“He maketh me lie down in green pastures…”
I don’t sit still, even when I’m sitting. My wife scolds me often about my
involuntary leg-bouncing especially if it’s in a movie theater seat, pew or
bench of some sort where other people feel the pulse of my every bounce. Some would call it a nervous tick. Others would peg it restless leg
syndrome. All I know is that even
as I sit here and punch these keys, my right leg is shaking like a dog’s
tail.
I’m sure some psychiatrist could tell me where this comes from,
but if I gave my uneducated opinion about myself, I would say that I have a
hard time ceasing to move. I’m
driven. I’m a go-getter. I eat fast. I read fast. I just
like to stay on the move, preferably faster movement if at all possible.
My mind doesn’t do well with laying down in green pastures I
can tell you right now. The minute
I sit or lay down, my mind revs up like an engine at the tractor pulls, you
know the ones with six engines and tail pipes with fire shootin’ out of ‘em? Yeah, that’s my brain when I bed down
at night. So even when I “lie
down” I can’t “power down”. I’m
finding more and more people are like this than I ever realized.
So when Psalm 23 moves from introducing me to my Shepherd
and talks about him meeting me at the point of my “wants/desires”, it quickly
moves to the Shepherds “to do list”.
Every shepherd has a daily routine with his sheep, and the first thing
is to get those little suckers to rest.
You do know that your day actually starts with sleep, don’t you? We typically think of sleep being at
the end of a “long day” and when we’re done livin’ we tally up the hours to see
how much time we have “left over” to get some shut-eye. This is not how God wired the 24 hour
day.
You don’t believe me?
Look at Genesis (where it all began) and listen to how he summarizes his
daily activities at the end of his busy day of “creating the universe”… “and
the evening and the morning were the first day.” “…and the evening and the morning were the second day.” Interesting. God goes from night to day, we go from day to night. I think this is more than just
coincidental.
Sleeping, resting, laying down, powering down…this is the
first priority of a shepherd for his sheep because this is the beginning of a
day and the beginning of a life.
If you don’t get those waddling clouds some sleep they get stupider than
they already are. Fatigue leads to
disease, disorientation, and ultimately danger. The flock has to rest well, so the shepherd finds them a bed
of green grass (a soft mattress) to lay down their weary carcass for the
night. This is the key to a
healthy herd collectively, and a healthy heart individually.
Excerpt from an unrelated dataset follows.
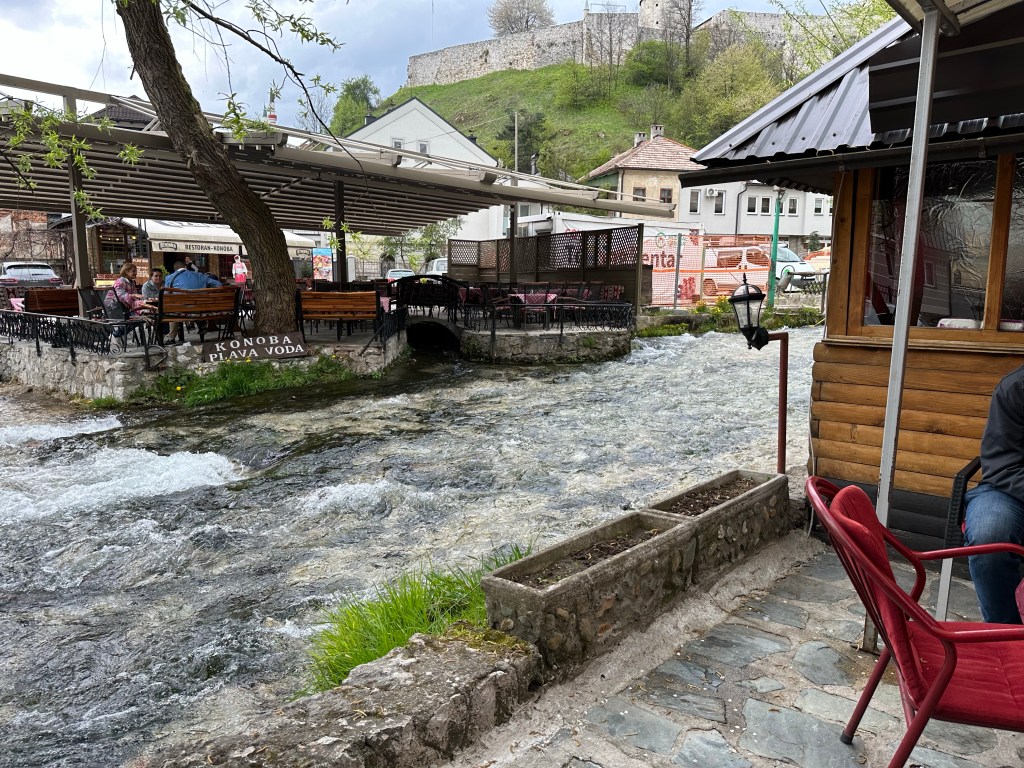 We stop for Bosnian coffee, not unlike Turkish coffee if you are familar. This place near the water has a special where the cofffee comes with a cigarette – smoking can be considered a national pastime here, it is still wildly popular.
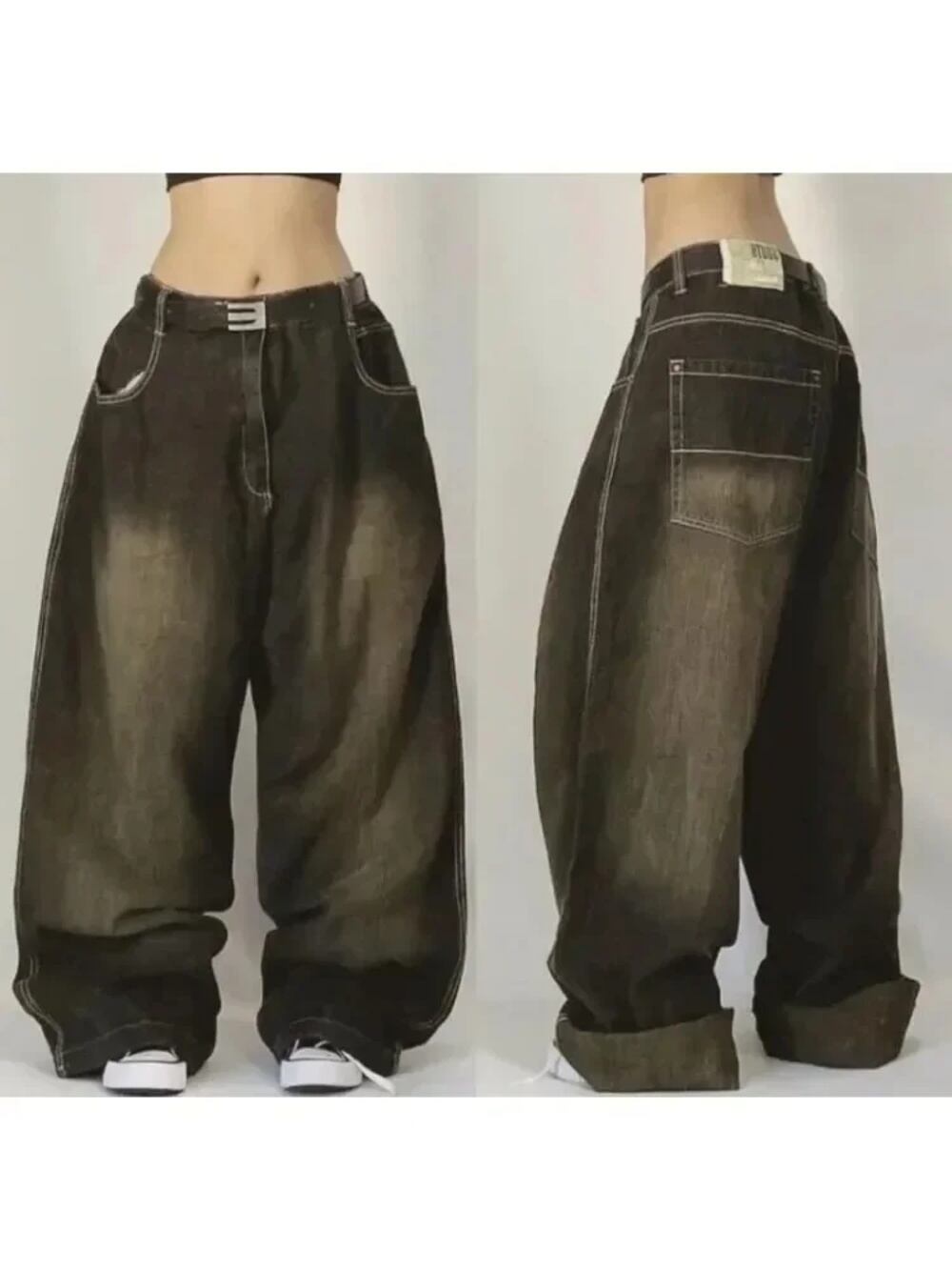 男性と女性のためのアメリカンヴィンテージウォッシュy2kジーンズ、ヒップホップ、カジュアル、ハイウエスト、ルーズ、スリミング、ドロップモップ、ワイドレッグ、ホール、ハイストリートパンツ y2k ボトムス T240901104238_02 | DOKO-ME

If you’re anything like me, sleep has not been emphasized as
a spiritual issue. In fact, if you
tell someone you are “burning the wick on both ends” or you “woke up early to
get to work” or you “pulled an all nighter” there is something inside of humanity
that computes those statements as noble.
We tend to exalt people who can live without sleep. It means they are busy. And people in our culture that are
busy, as we all know, are very important.
It’s easy to start drinking this purple Kool-Aid with everyone else to
your soul’s detriment.
That is why a shepherd has to “make us lie down”. He doesn’t give us the option. He doesn’t leave it open for
negotiation. You “will lie
down”…he will “make you”! There is
a reason for this emphatic language.
Lying down is about taking care of your insides.
The reason we stay on our feet and crank out product is
because it garners the praise of the people who can only affirm the exterior,
the outside picture. But the
shepherd cares about our interior life.
He cares about feeding our bodies and our souls. That is why this verse eventually ends
with the phrase “He restoreth my soul.”
That is his chief concern for you.
That is his chief concern for me.
Our souls.
I hate that my Shepherd has to “make me” do what I should be
doing naturally, but I guess that’s why I need a shepherd. We don’t always know how to tend
ourselves or care for our “wants”.
In fact, we can be wanting something that’s just flat out soul-killing
and our Pastor-God comes in and takes our legs out from under us, pins us to
the green pasture with his staff and says: “Lay down”. At first it seems like he’s ruining our
life, but in time you come to realize that he’s actually preserving our
life. He knows the “evening to
morning” pattern of the cosmos, he knows the sleep the soul needs to be
restored. He is not keeping us
from something good, he keeping us from something bad.
It’s hard to trust him and just go lay down, cause I feel
like something’s going to fall apart.
Really? REALLY? Do I really think I’m that
important? Oh man…now we’re onto
something.
I'll stop there for now...stay tuned.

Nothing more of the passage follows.